■ TASK OBJECTIVE ■
Copy out the lines of the records below, and only those lines, from the one with "Ottawa, ON* |" through the one with "black crystal embellishment", exactly as they appear.

(DATA FOR ANALYSIS Opens)

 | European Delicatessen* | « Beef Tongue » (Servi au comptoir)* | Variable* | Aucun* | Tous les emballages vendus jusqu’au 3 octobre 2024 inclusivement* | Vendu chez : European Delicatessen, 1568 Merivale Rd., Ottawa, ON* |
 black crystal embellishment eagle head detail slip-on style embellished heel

(DATA FOR ANALYSIS Closes)
(DATA FOR ANALYSIS Opens)

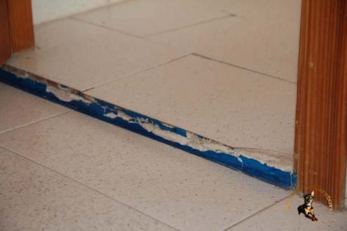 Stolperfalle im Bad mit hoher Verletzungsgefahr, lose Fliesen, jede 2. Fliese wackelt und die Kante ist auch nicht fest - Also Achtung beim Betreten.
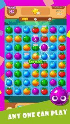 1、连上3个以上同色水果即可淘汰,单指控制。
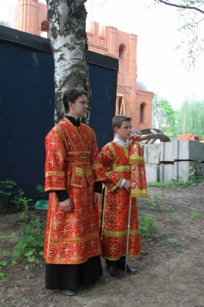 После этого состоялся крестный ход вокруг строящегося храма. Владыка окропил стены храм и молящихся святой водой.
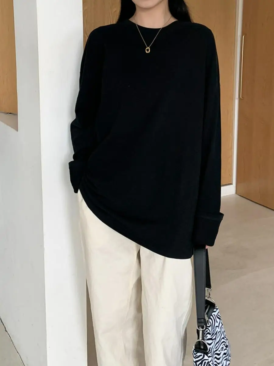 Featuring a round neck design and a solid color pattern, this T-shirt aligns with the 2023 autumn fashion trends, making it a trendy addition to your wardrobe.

(DATA FOR ANALYSIS Closes)
(DATA FOR ANALYSIS Opens)

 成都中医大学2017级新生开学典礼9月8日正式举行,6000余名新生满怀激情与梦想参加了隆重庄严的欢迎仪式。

(DATA FOR ANALYSIS Closes)

■ ANSWER ■
 | European Delicatessen* | « Beef Tongue » (Servi au comptoir)* | Variable* | Aucun* | Tous les emballages vendus jusqu’au 3 octobre 2024 inclusivement* | Vendu chez : European Delicatessen, 1568 Merivale Rd., Ottawa, ON* |
 black crystal embellishment eagle head detail slip-on style embellished heel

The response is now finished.